*Records to process:*
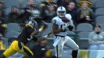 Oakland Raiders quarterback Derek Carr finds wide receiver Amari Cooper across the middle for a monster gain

---

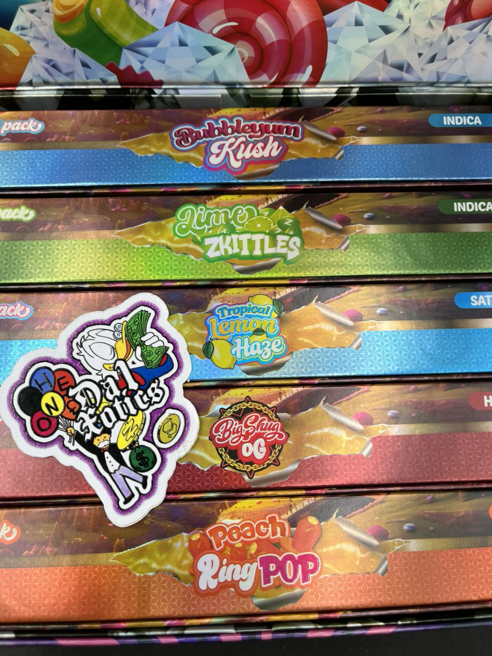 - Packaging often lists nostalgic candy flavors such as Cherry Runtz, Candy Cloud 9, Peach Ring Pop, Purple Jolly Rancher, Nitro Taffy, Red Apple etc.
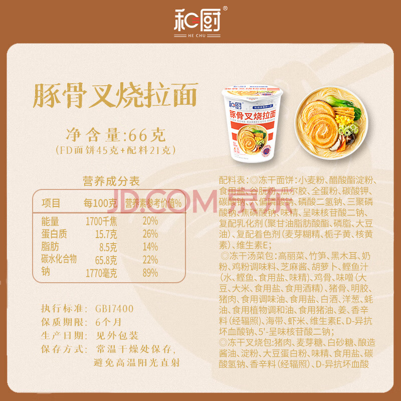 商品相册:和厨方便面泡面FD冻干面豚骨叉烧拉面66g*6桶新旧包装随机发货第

*Task to carry out:*
The answer must be the part of the records that opens with the line containing "- Packaging often" and closes with the line containing "商品相册:和厨方便面泡面FD冻干面豚骨叉烧拉面66g*6桶新旧包装随机发货第", reproduced exactly, with no pictures.

*Answer to this exercise:*
 - Packaging often lists nostalgic candy flavors such as Cherry Runtz, Candy Cloud 9, Peach Ring Pop, Purple Jolly Rancher, Nitro Taffy, Red Apple etc.
 商品相册:和厨方便面泡面FD冻干面豚骨叉烧拉面66g*6桶新旧包装随机发货第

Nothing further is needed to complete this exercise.